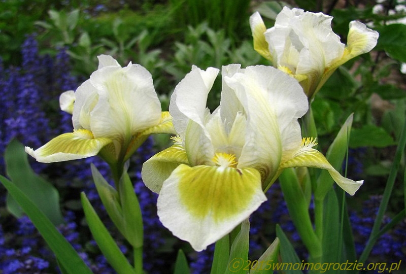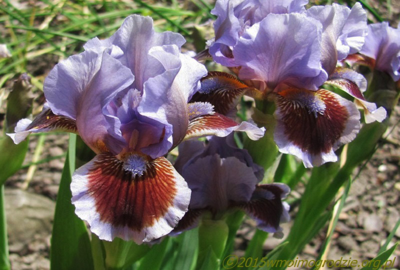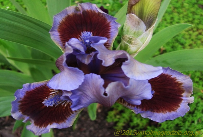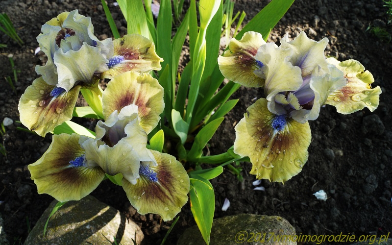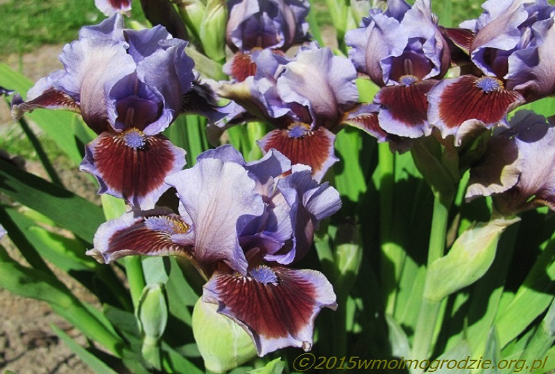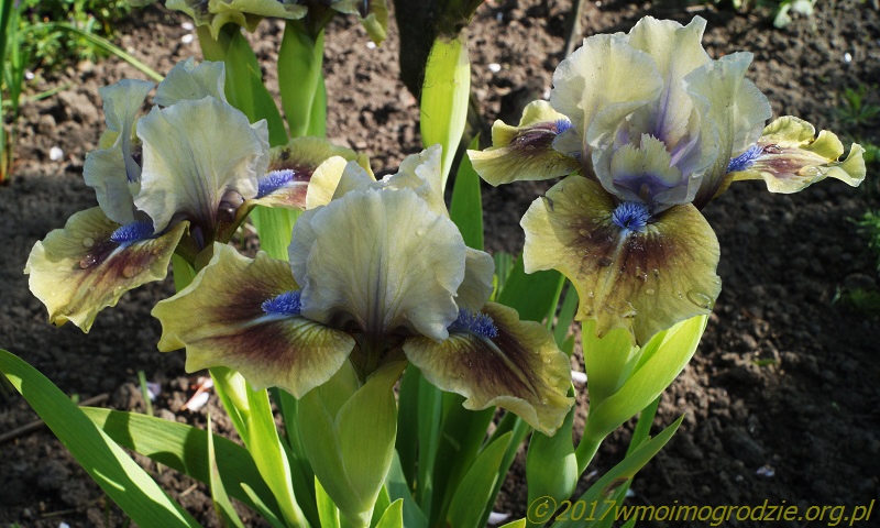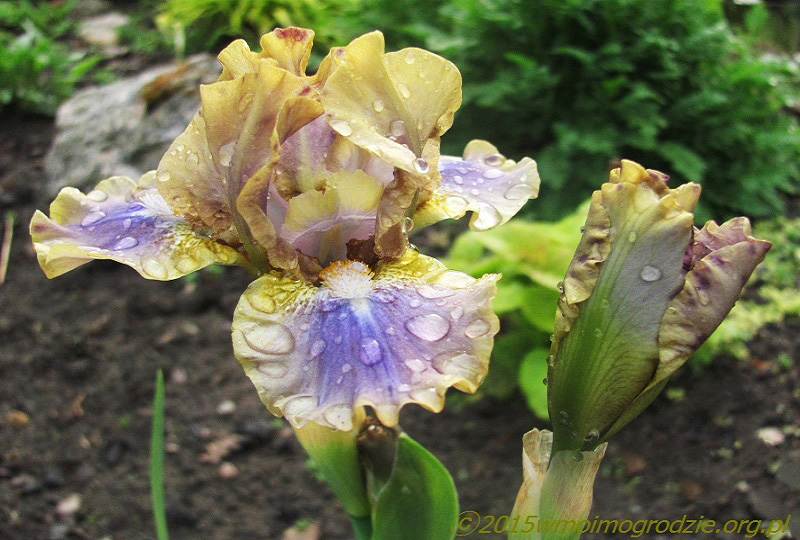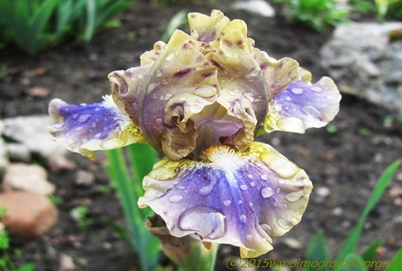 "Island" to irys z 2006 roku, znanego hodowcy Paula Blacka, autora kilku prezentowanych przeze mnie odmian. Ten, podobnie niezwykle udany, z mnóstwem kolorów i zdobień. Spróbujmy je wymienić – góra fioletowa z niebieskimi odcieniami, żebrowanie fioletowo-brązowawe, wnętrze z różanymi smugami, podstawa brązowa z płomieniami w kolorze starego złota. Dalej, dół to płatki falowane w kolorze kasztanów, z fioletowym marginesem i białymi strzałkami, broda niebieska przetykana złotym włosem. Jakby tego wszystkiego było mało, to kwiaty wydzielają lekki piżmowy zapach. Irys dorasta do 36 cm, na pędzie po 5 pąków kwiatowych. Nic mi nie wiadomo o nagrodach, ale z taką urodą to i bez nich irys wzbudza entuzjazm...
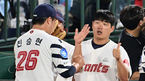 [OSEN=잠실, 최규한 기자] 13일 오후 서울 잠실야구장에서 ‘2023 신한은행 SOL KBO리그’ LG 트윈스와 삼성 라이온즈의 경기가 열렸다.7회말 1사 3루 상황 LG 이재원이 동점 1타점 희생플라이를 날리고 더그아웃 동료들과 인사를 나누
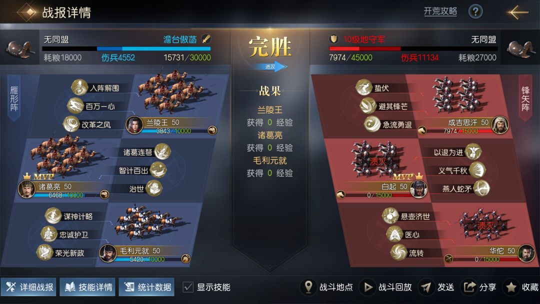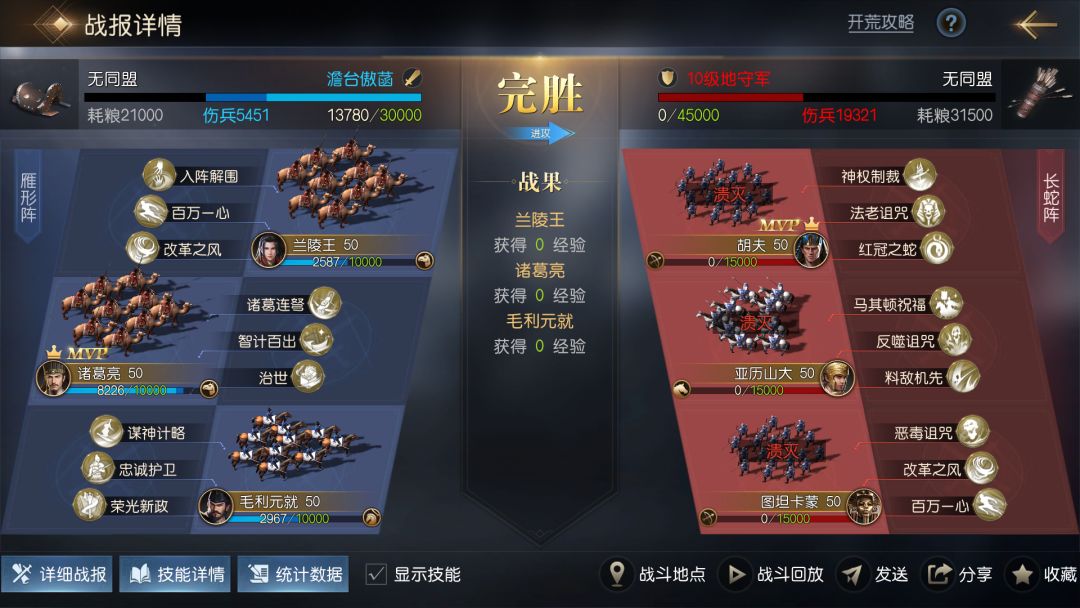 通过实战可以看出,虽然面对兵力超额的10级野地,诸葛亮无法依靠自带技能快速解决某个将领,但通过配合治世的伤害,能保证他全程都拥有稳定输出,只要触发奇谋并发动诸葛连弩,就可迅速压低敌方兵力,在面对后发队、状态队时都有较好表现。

▸ **Task directions**
Return the whole listing exactly, minus its pictures.

▸ **Response to this exercise**
 "Island" to irys z 2006 roku, znanego hodowcy Paula Blacka, autora kilku prezentowanych przeze mnie odmian. Ten, podobnie niezwykle udany, z mnóstwem kolorów i zdobień. Spróbujmy je wymienić – góra fioletowa z niebieskimi odcieniami, żebrowanie fioletowo-brązowawe, wnętrze z różanymi smugami, podstawa brązowa z płomieniami w kolorze starego złota. Dalej, dół to płatki falowane w kolorze kasztanów, z fioletowym marginesem i białymi strzałkami, broda niebieska przetykana złotym włosem. Jakby tego wszystkiego było mało, to kwiaty wydzielają lekki piżmowy zapach. Irys dorasta do 36 cm, na pędzie po 5 pąków kwiatowych. Nic mi nie wiadomo o nagrodach, ale z taką urodą to i bez nich irys wzbudza entuzjazm...
 [OSEN=잠실, 최규한 기자] 13일 오후 서울 잠실야구장에서 ‘2023 신한은행 SOL KBO리그’ LG 트윈스와 삼성 라이온즈의 경기가 열렸다.7회말 1사 3루 상황 LG 이재원이 동점 1타점 희생플라이를 날리고 더그아웃 동료들과 인사를 나누
 通过实战可以看出,虽然面对兵力超额的10级野地,诸葛亮无法依靠自带技能快速解决某个将领,但通过配合治世的伤害,能保证他全程都拥有稳定输出,只要触发奇谋并发动诸葛连弩,就可迅速压低敌方兵力,在面对后发队、状态队时都有较好表现。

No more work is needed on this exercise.